Which then abjectly failed when it had to deliver cell culture grown vaccines in its Baltimore plant that was in reserve for pandemics (fortunately that didn't hurt so much because the Janssen and Oxford vaccines are ... subpar, and Protein Sciences approach which works for flu generally failed or were extremity late (Novovax and Sanofi Pasteur)). We had part of a system and failed to use it properly. On the other hand if we as in the US were sharp we'd have bought the equipment Honeywell ended up scrapping when they shut down mask making in France.

3M for example does make masks in countries like the US and even keeps an extra set of equipment to double production in case of emergencies like this. But of course just doubling normal production isn't enough, and they and other companies like some that got crushed after 2009-10 found it hard to compete against very cheap PPE from the PRC, and refused to risk their companies again after COVID started hitting.

For vaccine manufacturing it's a tall order to expect political systems to be ready for once in a century events.

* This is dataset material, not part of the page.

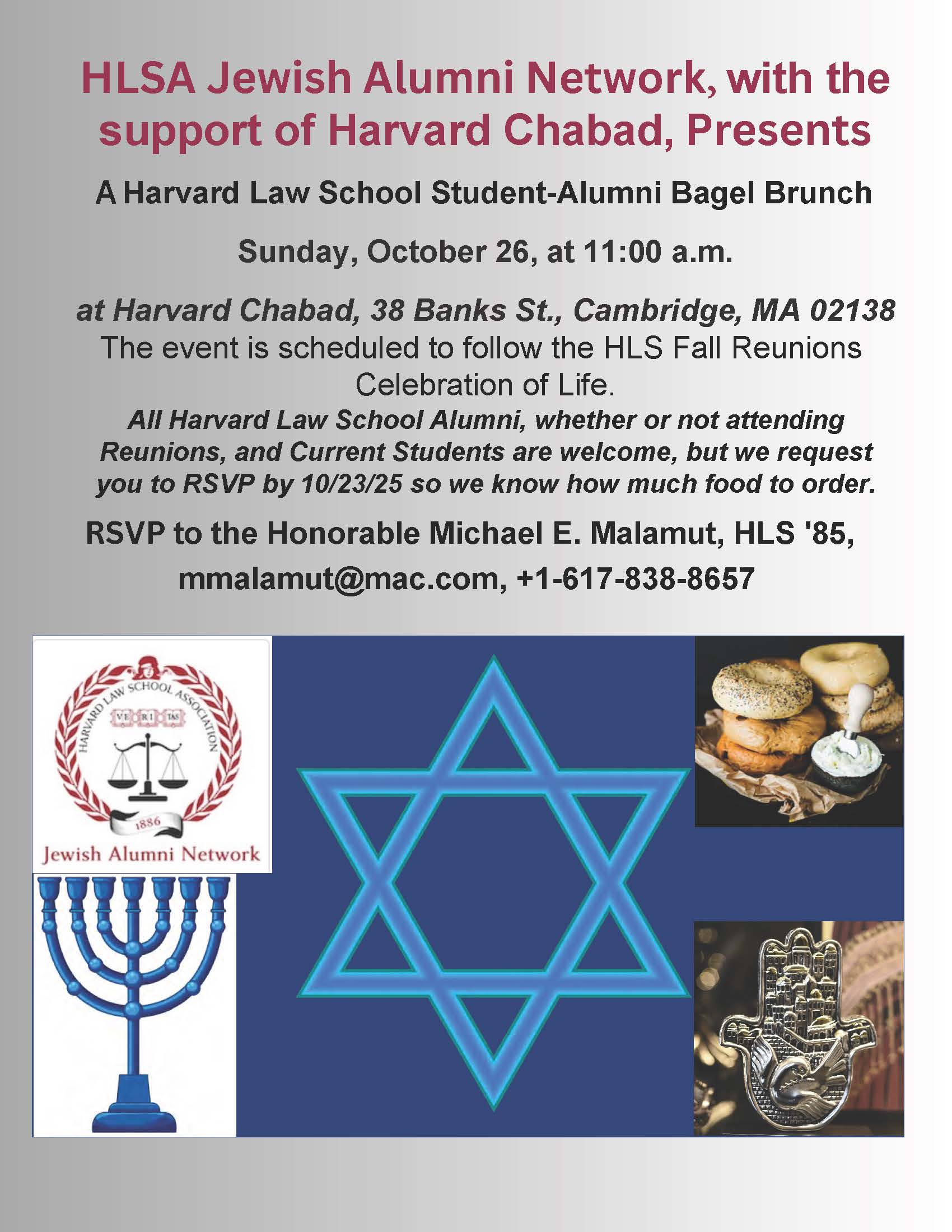 All Harvard Law School Alumni, whether or not attending Reunions, and Current Students are welcome, but we request you to RSVP by 10/23/25 so we know how much food to order.

This wasn't so bad for us with COVID since we could tool up during the development and testing of vaccines although the Indian national government abjectly failed to do that, but there was always going to be issues here, especially in learning curve issues.

Also how do you prepare for the best vaccines being mostly completely new technology for mass manufacturing? Even for fill and finish BoNTech's vaccine has at least at some point temperature requirements way beyond normal medical freezing, the latter any of us could achieve with a frost free consumer freezer.

In general, though, you're right, but solutions free of their own corruption problems are very hard. Plus tariffs are regressive taxes.